▸ **What you are asked to do**:
Repeat exactly the lines of the records below, starting at the line containing "手机终端,核心数据,一键成图" and ending at the line containing "Personalised Graduation Shot". Leave the pictures out.

[Items from a data source]
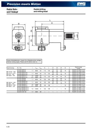 Z1 Z4Z3 ø40 Precision meets Motion Radial Bohr- Radial drilling und Fräskopf and milling head L B X Innere Kühlmittelzufuhr: Zusatz IK an Bestellnummer anfügen Internal cooling supply: Please add IK behind order no. Maschinentyp Nr. / No. i nmax Tmax X L Z1 Z3 Z4 B d SpannzangeCollet 60.4025 MP610MP 410 N - 12D60.4032 MP6101:1600050110 135 7280 4448 4053 76 42 RD/ER 25 430E (2-16)50RD/ER 32 470E (3-20) MP 415 N - 12D 60.4025 MP610 IKMP 610 - 12D60.4032 MP610 IK1:1600050110135 7280 4448 ---72 76 42 RD/ER 25 430E (2-16)50RD/ER 32 470E (3-20) MP 6200 - 16D 60.4020 MP610 I160.4025 MP610 I21:212000 252:1300060110135 65 35 40 76 35 RD/ER 20 428E (2-13)42RD/ER 25 430E (2-16) 60.4025 MP62060.4032 MP6201:1 6000 50 130 168 7280 4448 4053 76 42 RD/ER 25 430E (2-16)50RD/ER 32 470E (3-20) MP 420 N - 12DMP 620 - 12DMP 620 N - 12DMP 6200 - 12D60.4025 MP620 IK60.4032 MP620 IK60.4020 MP620 I160.4032 MP620 I21:160005013016872804448---727642RD/ER 25 430E (2-16)50RD/ER 32 470E (3-20)1:212000252:1300060130168---------7635RD/ER 20 428E (2-13)50RD/ER 32 470E (3-20) 60.4016 MP620 IK I1 32 RD/ER 16 426E (1-10) 60.4025 MP620 IK I1 1:2 12000 8 130 168 --- --- --- 76 42 RD/ER 25 430E (2-16) 60.4032 MP620 IK I1 50 RD/ER 32 470E (3-20) 60.5040 SQT 28 1:1 4000 80 --- --- --- --- --- --- 63 RD/ER 40 472E (4-26) 6. 26
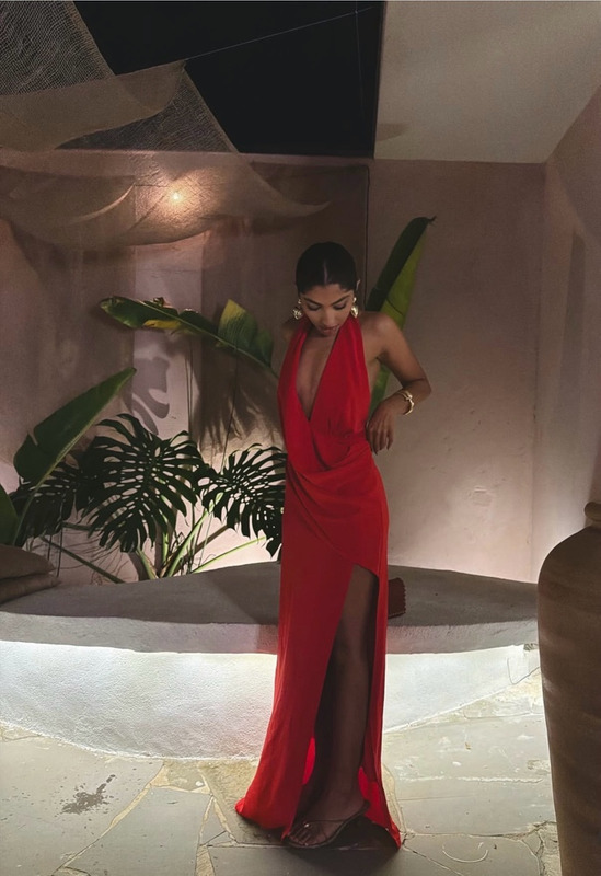 fechamento por botões na parte de trás do pescoço. drapeado na lateral direita
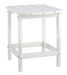 Add cottage-quaint charm to your outdoor oasis with this outdoor end table. Made of a hearty hard plastic material with a touch of texture, it’s sure to weather the seasons beautifully. Designed to shed rainwater, the table’s slatted top with gently rounded corners provides exceptional form and function.
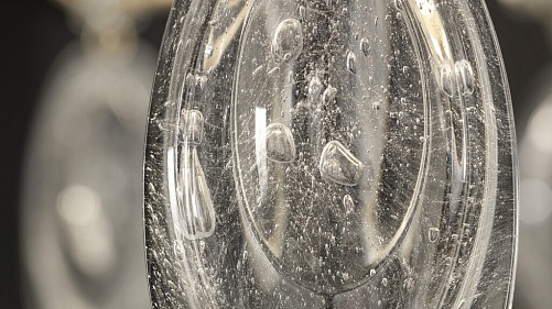 Металлическая конструкция, покрытая стеклянным профилем и украшена подвесками из стеклянных элементов Crek (имитация горного хрусталя).
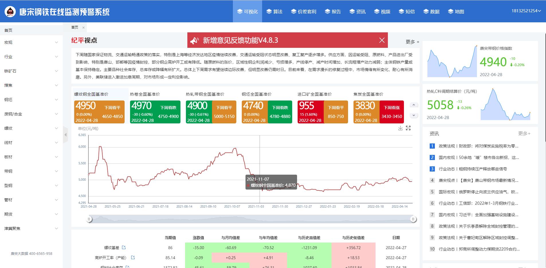 手机终端,核心数据,一键成图,钢坯数据,带钢数据,焦炭数据,铁矿石数据;唐宋信息产品重要的推送手段之一,具有随身、及时、方便等特点。
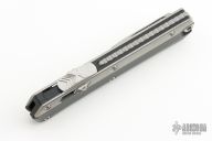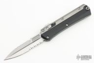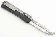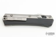 This Glykon by Microtech features a stonewashed double edged blade with fullers and notched thumbrest. The handle has a black aluminum chassis with bead blasted titanium overlays and tip down clip. Comes with original box and papers. Excellent condition. Dated 03/2023 and #573
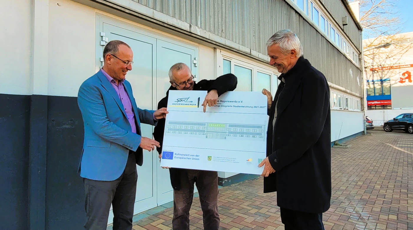 - Die VBH-Arena Hoyerswerda bekommt ein neues wärmedämmendes Kleid. v.l.n.r.: Steffen Markgraf, Geschäftsführer der Wohnungsgesellschaft Hoyerswerda, Chefplaner Bernd Kasper, Bauamtsleiter Dietmar Wolf
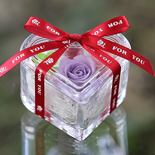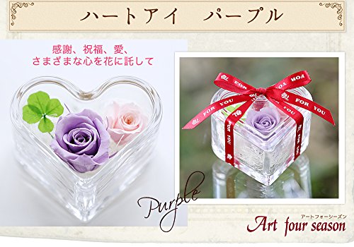 アートフォーシーズン ハート”光るバラ”ホタル 四つ葉のクローバー入り プリザーブドフラワー (パープル)
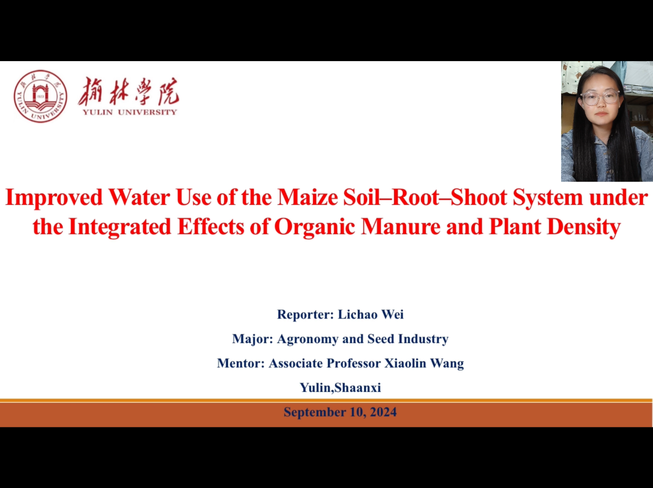 近日,best365体育亚洲2022级农艺与种业研究生魏丽超同学作为特邀嘉宾参加了Agro Online 2024(2024植物与农业国际学术会议),围绕已发表在学术期刊Agronomy的文章进行了以Improved Water Use of the Maize Soil–Root–Shoot System under the Integrated Effects of Organic Manure and Plant Density为主题的交流汇报,并同时听取了农业领域其他专家的先进研究汇报,探讨了旱作农业发展情况。
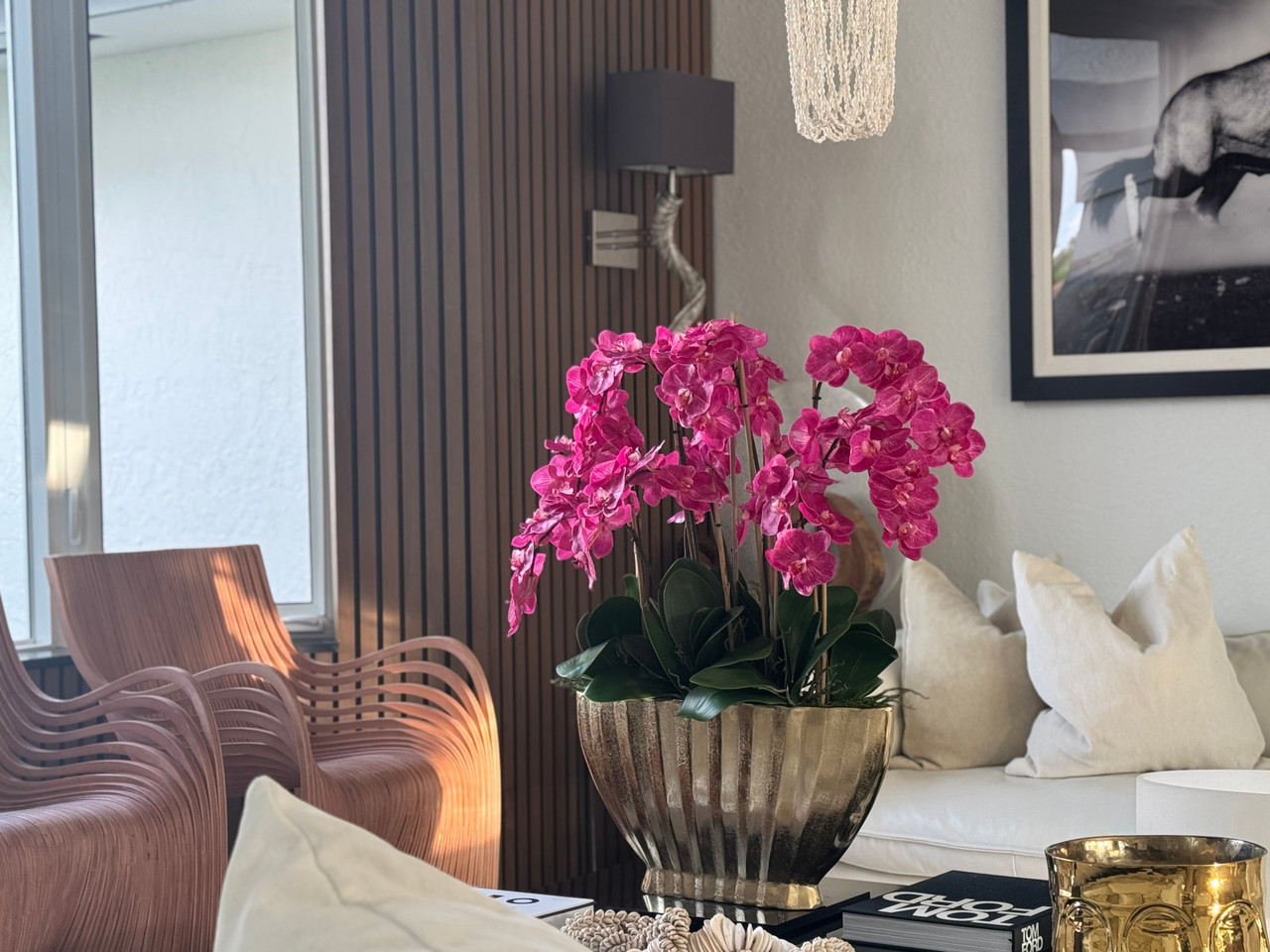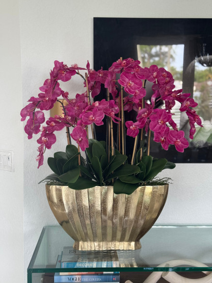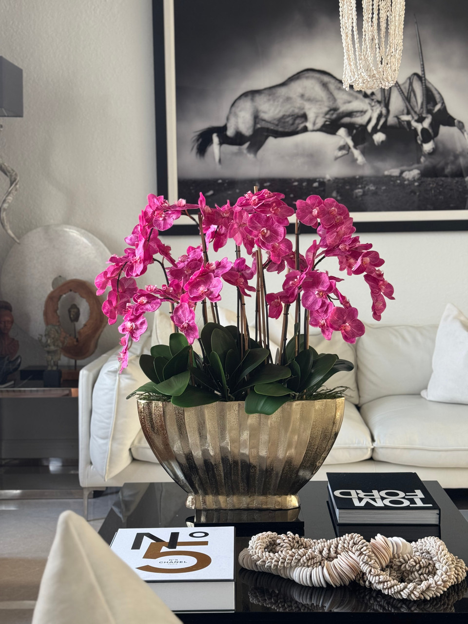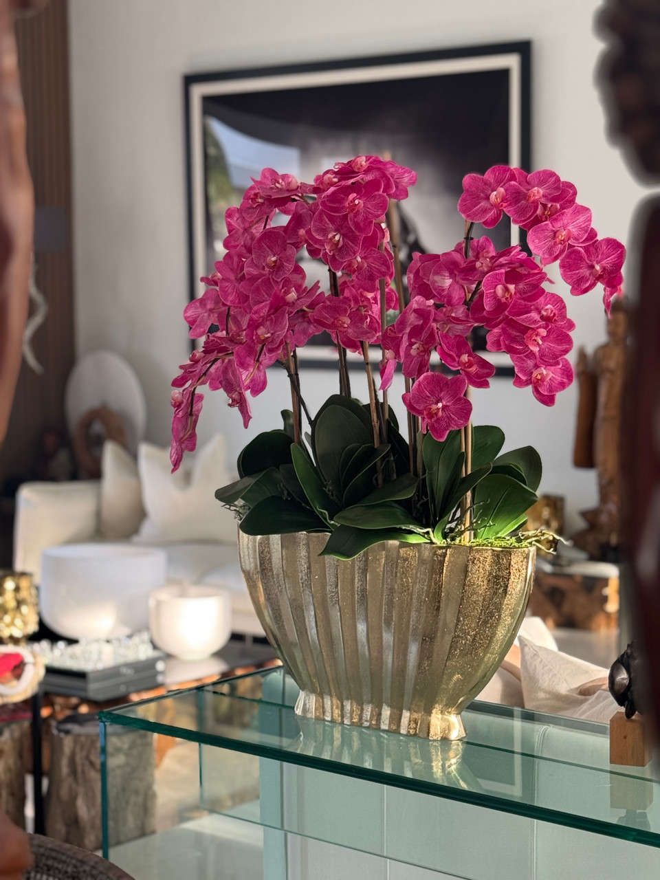 Vivien Gold Vase with Pink Phaleanopsis Orchids
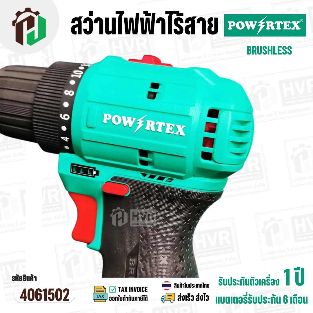สว่านไร้สาย 10mm. POWERTEX รหัสสินค้า PPT-CL-CD-10-BL ( BRUSHLESS ) #4061502
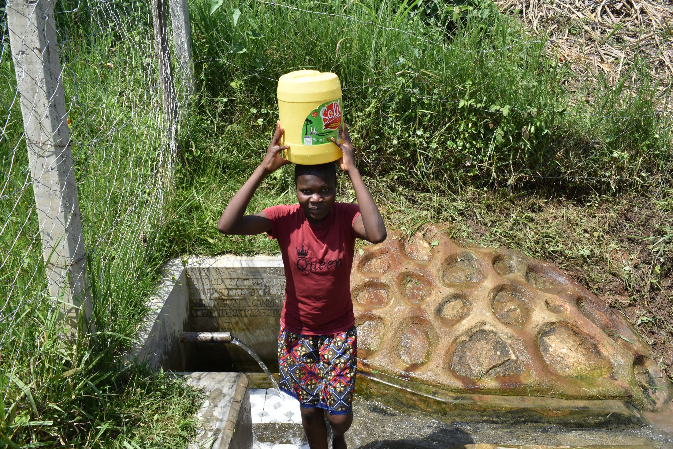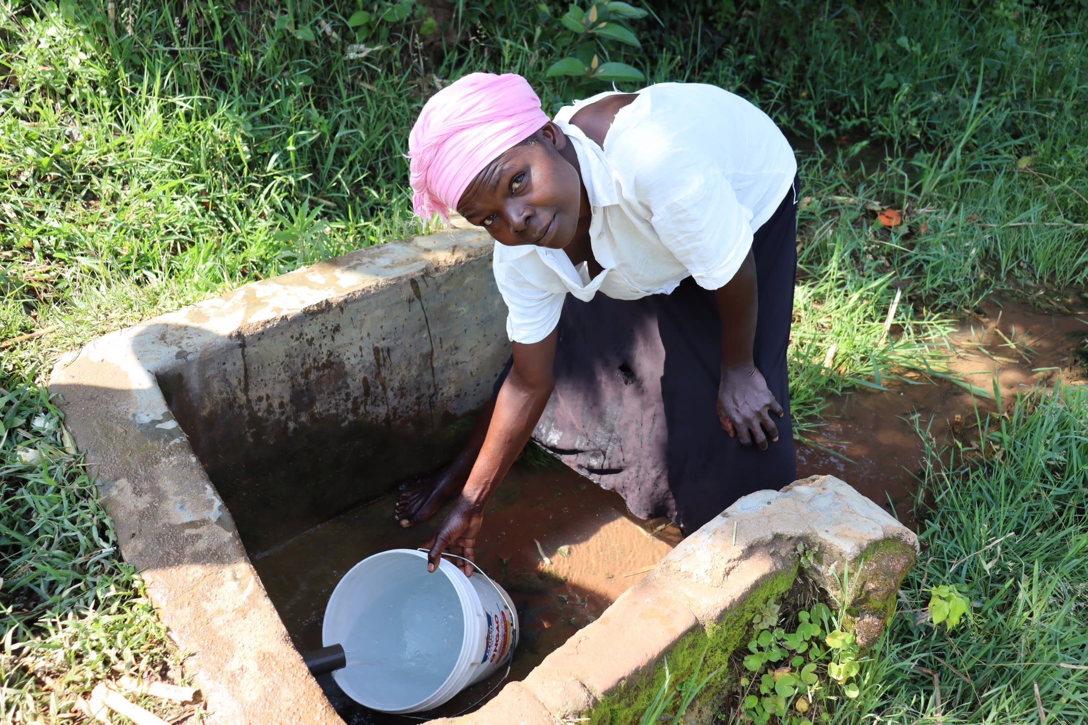 "The water looks clean for human consumption, but the environment around the water point is wanting. Therefore, I can only drink water from this particular spring when it's treated," said field officer Betty Muhongo.
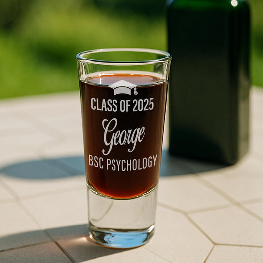 Personalised Graduation Shot Glass Class Of, Name & Degree | Custom Engraved Gift | Graduation Gift | Graduation Keepsake Glassware
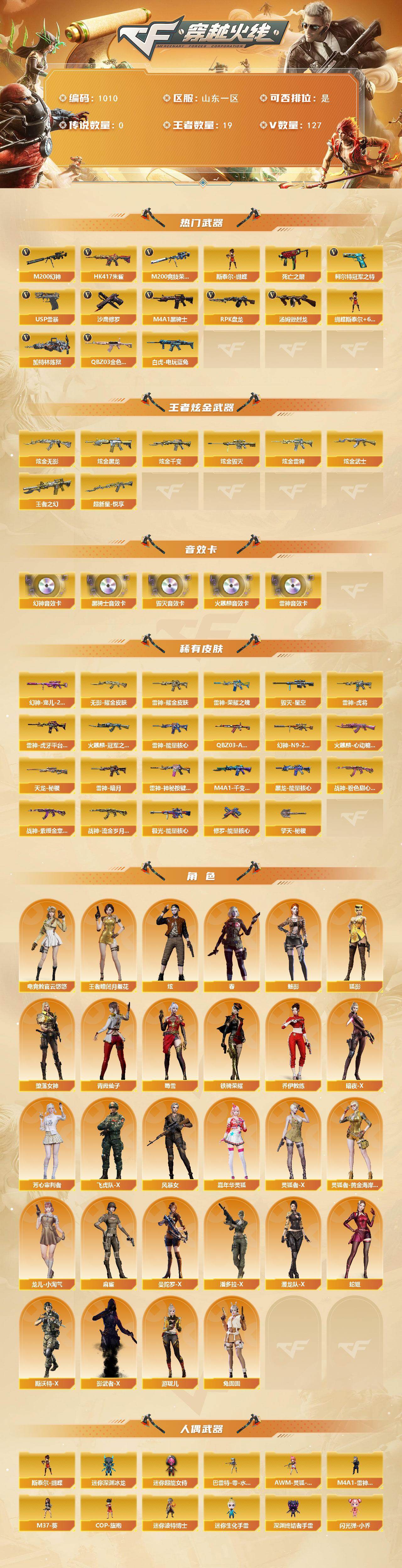[14666473]山东一区-127V-19王者-8炫金 【热门武器】:QBZ03-金色蔷薇,HK417-朱雀,M200-幻神,M200-竞技荣光,死亡之眼,白虎-电玩蓝兔,柯尔特-冠军之特,M4A1-黑骑士,汤姆逊-烈龙*8,RPK-盘龙*5,加特林-炼狱*3,斯泰尔-蝴蝶,USP-雷暴*2,沙鹰-修罗*5 【王者炫金武器】:超新星-悦享,王者之幻,炫金无影,炫金黑龙*2,炫金千变,炫金雷神,炫金武士,炫金毁灭*2 【音效卡】:M200-幻神音效卡,AK47-火麒麟音效卡,M4A1-雷神音效卡,M4A1-黑骑士音效卡,Barrett-毁灭音效卡 【皮肤】:幻神-宠儿-2021MVP,M200-幻神-N9-2022MVP,QBZ03-AG-CFPLS19冠军,雷神-暗月,雷神-能量核心,雷神-荣耀之魄,雷神-虎将,雷神-耀金皮肤,雷神-虎牙平台皮肤,雷神-神秘按键 皮肤,火麒麟-冠军之心,火麒麟-心动糖果,毁灭-星空,M4A1-千变-孔明皮肤,黑龙-能量核心,无影耀金皮肤,战神-粉色甜心皮肤,战神-紫绶金章皮肤*4,战神-流金岁月皮肤*4,天龙-秘银,极光-能量核心,修罗-能量核心*2,擎天-秘银 【角色】:魅影,炫,春,电竞教官-云悠悠,王者-瞳-闭月羞花,堕落女神,狐影,乔伊教练,暗夜-X,芳心审判者,飞虎队-X,风暴女,嘉年华灵狐,灵狐者-X,灵狐者-黄金海岸,龙儿-小淘气,麻雀,曼陀罗-X,潘多拉-X,潜龙队-X,青霞仙子,蛇姬,斯沃特-X,蜀雪,铁骑荣耀,兔囡囡,影武者-X,游珑儿 【人偶武器】:M4A1-雷神-精英刀锋,斯泰尔-蝴蝶,巴雷特-零-水下丽影,AWM-灵狐-15周年嘉年华,M37-葵,COP-旗袍,迷你深渊冰龙,迷你波特博士,迷你生化手雷,深渊终结者手雷,闪光弹-小乔,迷你超能女侍 【暴走生化】:黑龙吞噬者,死亡之眼,超级对讲机 【挑战大师】:神圣爆裂者III,AK47-冰龙粉碎者,冰龙粉碎者-白马银枪,激光毁灭者III-白马银枪*2,激光毁灭者III,神圣爆裂者-末日III 【英雄级武器】:AK47-火麒麟*4,M4A1-黑龙*3,M4A1-雷神*2,M4A1-黑骑士,AK47-无影,AK47-黑武士,AK12-天启,AN94-超新星,AK47-黑鲨,M4A1-龙血,M4A1-雷霆,AK47-雷暴,HK417-朱雀,无影-神兵利器,QBZ03-金色蔷薇,烈火
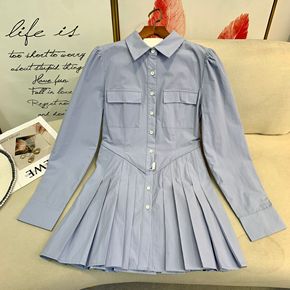 【JOEY】“格林威治”英伦小味道 藏青色复古毛呢大衣 衬衫裙新款
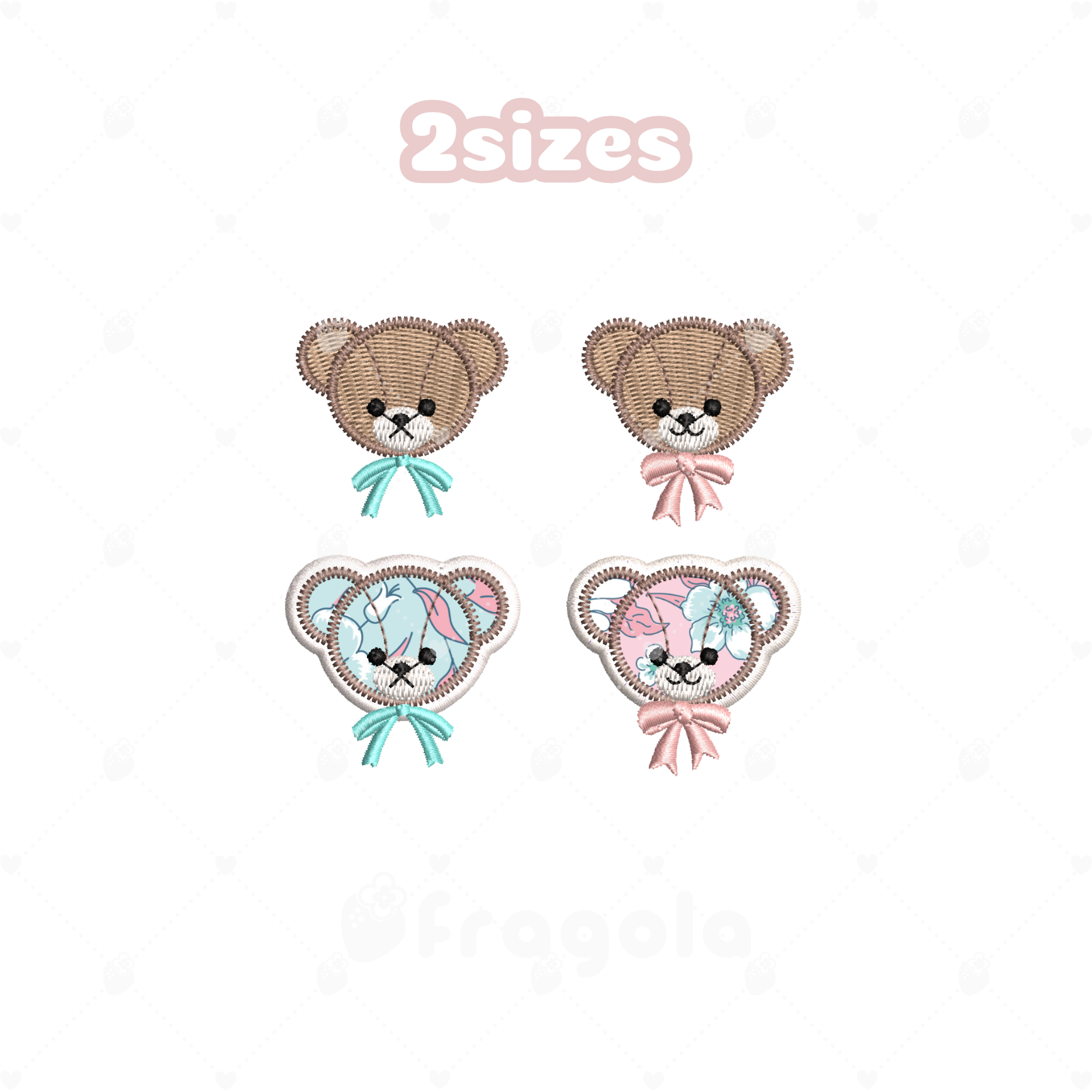 リボン付きくま刺繍データセット(刺繍+アップリケ/全8ファイル)
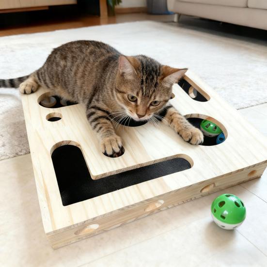 Dieses Katzennagelfeilen-Spielzeug ist aus strapazierfähigem Massivholz gefertigt und so konzipiert, dass es kräftigem Kratzen standhält, während es sanft zu den Pfoten Ihres Haustiers ist.. Mehr als nur ein Spielzeug, es verfügt über versteckte Kugeln und Labyrinthpfade, die durch spielerische Interaktion geistige Anregung und natürliche Krallenpflege bieten..

▸ **Response**:
 手机终端,核心数据,一键成图,钢坯数据,带钢数据,焦炭数据,铁矿石数据;唐宋信息产品重要的推送手段之一,具有随身、及时、方便等特点。
 This Glykon by Microtech features a stonewashed double edged blade with fullers and notched thumbrest. The handle has a black aluminum chassis with bead blasted titanium overlays and tip down clip. Comes with original box and papers. Excellent condition. Dated 03/2023 and #573
 - Die VBH-Arena Hoyerswerda bekommt ein neues wärmedämmendes Kleid. v.l.n.r.: Steffen Markgraf, Geschäftsführer der Wohnungsgesellschaft Hoyerswerda, Chefplaner Bernd Kasper, Bauamtsleiter Dietmar Wolf
 アートフォーシーズン ハート”光るバラ”ホタル 四つ葉のクローバー入り プリザーブドフラワー (パープル)
 近日,best365体育亚洲2022级农艺与种业研究生魏丽超同学作为特邀嘉宾参加了Agro Online 2024(2024植物与农业国际学术会议),围绕已发表在学术期刊Agronomy的文章进行了以Improved Water Use of the Maize Soil–Root–Shoot System under the Integrated Effects of Organic Manure and Plant Density为主题的交流汇报,并同时听取了农业领域其他专家的先进研究汇报,探讨了旱作农业发展情况。
 Vivien Gold Vase with Pink Phaleanopsis Orchids
สว่านไร้สาย 10mm. POWERTEX รหัสสินค้า PPT-CL-CD-10-BL ( BRUSHLESS ) #4061502
 "The water looks clean for human consumption, but the environment around the water point is wanting. Therefore, I can only drink water from this particular spring when it's treated," said field officer Betty Muhongo.
 Personalised Graduation Shot Glass Class Of, Name & Degree | Custom Engraved Gift | Graduation Gift | Graduation Keepsake Glassware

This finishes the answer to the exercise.